Charlie Brenneman (file photo) was in the dark leading up to UFC Live 4. | (AP Photo/Jeff Chiu)
Charlie Brenneman didn’t suspect anything at first.
His scheduled opponent for UFC Live 4, T.J. Grant, had withdrawn just days before the fight due to an illness, but the UFC wanted Brenneman to stay on weight.
“I just thought that was part of the business,” Brenneman explained recently on the Sherdog Radio Network’s “Beatdown” show. “I had to make weight to get the paycheck.”
The paycheck was expected to be his “show” money, or the guaranteed compensation a UFC fighter gets regardless of winning or losing. It was nice to be getting something, but at that point Brenneman was frustrated. Not only was he not eligible for a win bonus, with the fight falling through he’d also lost most of his sponsorship money.
“This is horrible. I don’t even know where to begin, what to think,” Brenneman told his fiancée. “She was saying to me, ‘Don’t even try anything. Don’t try to be OK with it. Don’t try to be mad about it. Just kind of be. You can’t control it, so there’s no sense spending any time on it.’ That’s what I did.”
Even before the UFC asked him to stay on weight, Brenneman had planned on going through the rest of fight week as if he were going to compete.
“I didn’t have a prayer that [the main event] would fall through and I would get to fight,” he said. “I just figured I’ll do this anyway because you never know.”
On Friday, less than 48 hours before the show, Brenneman finally learned that he could be replacing Nate Marquardt, who was scheduled to fight Rick Story in the main event. Brenneman didn’t know why. He only knew there was a possible issue with Marquardt, and he still doubted he would get the call.
On Saturday, he got it. Marquardt was out, and he was fighting Story on Sunday. There wasn’t much time to build a game plan.
“I’ve been developing so much, but before really I even had a chance to give my input, my brother Ben and [manager Mike Constantino] had talked and they kind of just approached me and said, ‘Hey, this is what we want you to do and this is what you need to do to win the fight,’” Brenneman said. “And that was not only to just wrestle but to keep him off balance. If you watch [Story] in my fight versus when he fought some of the other guys, it was really hard for him to get off.
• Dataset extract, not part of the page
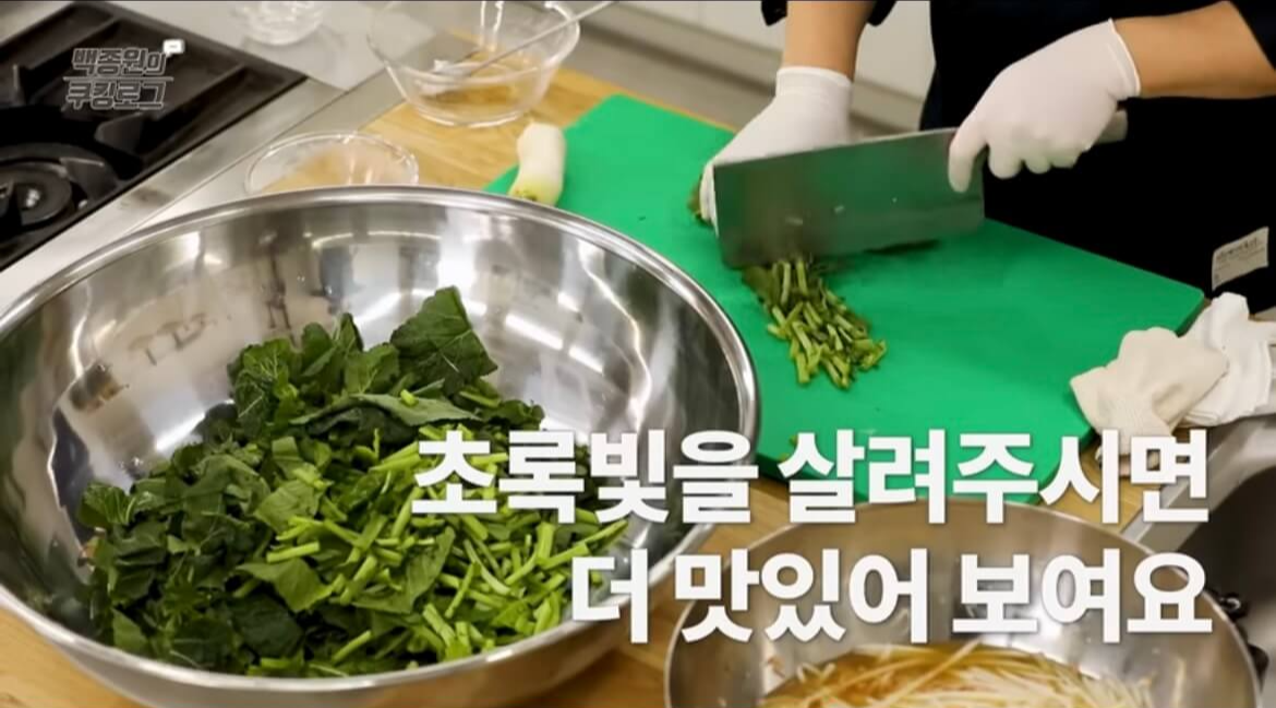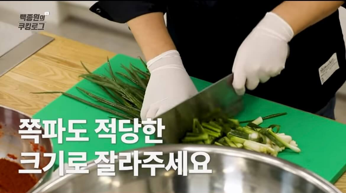 - 무청, 쪽파는 3cm 길이로 잘라 준비합니다.

He didn’t quite know where I was coming from, and that was the name of the game: to push the action, push the pace and put him on his back.”
It worked: Brenneman stunned the No. 6-ranked Story and won a unanimous decision.
“I train my butt off every day to do this and to be ready and should a gift like this happen, to be able to seize it,” Brenneman said. “But it also goes to show you that you can never be content about anything because there are guys that you don’t even know their names who can step up on a day’s notice and knock you off your pedestal.”